One option is to scale Oracle vertically; i.e., use more powerful servers. However, relational databases do not scale well. Another option is to extract some of the load to a dedicated database that scales horizontally; i.e., add servers that operate in parallel. In this case, if more and more users use more and more collections with more and more data, it won’t affect data operations that are unrelated to collections. 


Also, Oracle works best for storing data with predefined structure. For example, some “Users” table fields can be defined in advance (e.g., email, login, first and last name). However, each collection has different fields and types of fields. A “Plants” collection would be something like “plant name,” “origin,” “care tips,” etc., but an “Employees” table would be totally different. So, internally we store data as stringified JSON documents.
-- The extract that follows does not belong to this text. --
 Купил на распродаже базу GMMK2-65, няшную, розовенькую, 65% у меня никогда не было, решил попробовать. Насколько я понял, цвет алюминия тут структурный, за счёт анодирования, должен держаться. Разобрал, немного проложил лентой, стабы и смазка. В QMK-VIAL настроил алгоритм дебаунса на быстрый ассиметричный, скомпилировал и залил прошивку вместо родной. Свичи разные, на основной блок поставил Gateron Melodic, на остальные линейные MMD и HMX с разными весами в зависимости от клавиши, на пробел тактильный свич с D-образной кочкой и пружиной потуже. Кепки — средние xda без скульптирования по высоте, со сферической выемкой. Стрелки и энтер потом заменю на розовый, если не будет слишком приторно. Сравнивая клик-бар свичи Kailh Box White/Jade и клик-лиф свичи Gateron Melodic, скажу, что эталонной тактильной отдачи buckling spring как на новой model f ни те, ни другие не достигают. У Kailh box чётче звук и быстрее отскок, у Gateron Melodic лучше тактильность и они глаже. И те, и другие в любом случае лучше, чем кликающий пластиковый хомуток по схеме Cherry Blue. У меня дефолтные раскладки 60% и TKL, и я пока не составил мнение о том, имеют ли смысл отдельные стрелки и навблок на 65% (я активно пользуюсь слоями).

Even though Oracle has extensions that allow convenient operations on unstructured JSON documents, there are other databases that are specifically designed for storing and processing documents without predefined structure.

Current Limitations With Externally Provided Collections


External collections may change at any moment, and Duda needs some way to apply these changes. We have two mechanisms for this:


  • Data expiration. This capability comes out-of-the-box when using in-memory data store Redis. All external collection data expires in two hours, and needs to be re-fetched. However, if we fail to fetch data, we’ll use “fallback” data that is cached for one week (so, we in fact have to store the same data twice — once in a “fast cache” and then again in a “long cache”).
  • A background job that runs every hour and checks if external collection data of published sites has changed. If it has, we clean the cache for rendered runtime pages and pages will be re-rendered with fresh re-fetched data upon the next request.
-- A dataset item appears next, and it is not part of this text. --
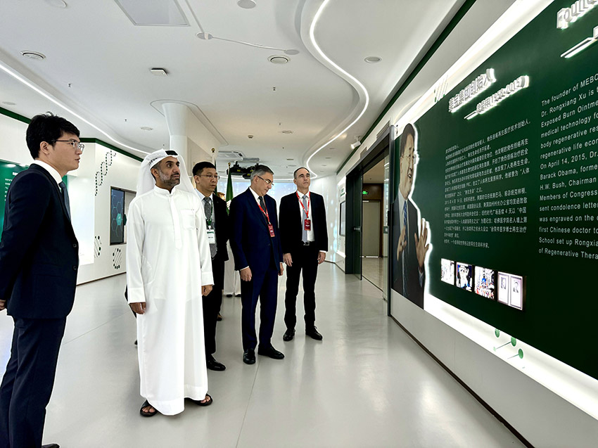 注:阿联酋全称阿拉伯联合酋长王国,共由7大酋长国组成,其中首都阿布扎比(Abu Dhabi),经济中心迪拜(Dubai),哈伊马角(Ras Al Khaimah)为第四大酋长国,是阿联酋的工业中心,其中海湾大药厂是中东最大的药品制造商。Sheikh Saud Bin Saqr Al Qasimi 是前哈伊马角酋长国Sheikh Saqr Bin Mohammad al-Qasimi酋长之子,2010年10月,Sheikh Saqr Bin Mohammad al-Qasimi去世后,Sheikh Saud接任酋长,随后实施了一系列快速发展哈伊马角的经济政策,包括成立哈伊马角政府投资中心(RAK Governmental Investment Authority)。1980年Sheikh Saqr Bin Mohammad al-Qasimi成立阿联酋海湾大药厂(Gulf Pharmaceutical Industries, 简称Julphar),并于90年代初期结识徐荣祥教授,引入了湿润烧伤暴露疗法及产品。随后Sheikh Saud Bin Saqr Al Qasimi及其弟弟Sheikh Faisal Bin Saqr Al Qasimi先后担任Julphar董事局主席,30多年来一直保持与美宝集团董事局的亲密友好,快速推动了双方战略合作及在中东、非洲、拉丁美洲的国际市场布局。目前Julphar新任董事长Sheikh Saqer Bin Humaid Al Qasimi同样为Al Qasimi皇室家族成员。

So, the functional problem with this solution is that Redis is a key-value store, and we store all data as a single chunk. Thus, in order to search/filter data, we have to do it in-memory. In 99 percent of use cases, this is not a big issue, but all of our big collections (>1000 rows and >1 MB of raw data) are external collections. If you’ve got a long list widget that is connected to such a collection, your page is cached with all the data.This may make your site visitors a little unhappy if they end up loading 2 MB from the web.
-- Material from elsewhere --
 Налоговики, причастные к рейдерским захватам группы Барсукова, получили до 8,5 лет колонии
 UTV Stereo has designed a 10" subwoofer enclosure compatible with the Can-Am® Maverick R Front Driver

At Duda, we have lots of new collections-related feature requests and optimizations of existing functionality that need to be done (big collections can cause big issues). Our current solution can’t fit all requirements, so the decision was made to extract site collections into a dedicated infrastructure — into a microservice.

Why Microservices: A Global Trend of Distributed Systems

If you’re familiar with software development, or have worked in an IT-related field for at least a few years, you must have heard the term “microservice.” The concept behind microservices is that instead of having a huge “monolithic” application, you split into multiple smaller applications that are nearly-independently from each other. Microservices usually have different databases (though it’s not a requirement) to better suit their needs.


There is no single “Google” application — such huge services consist of multiple applications (sometimes even thousands) that communicate together behind the scenes. There might be “Gmail” microservice, an “ads” microservice, an “authentication” microservice, etc., but you as a Google user don’t really know or care. You simply type in “google.com”, perform any actions, and it works. So, why microservices?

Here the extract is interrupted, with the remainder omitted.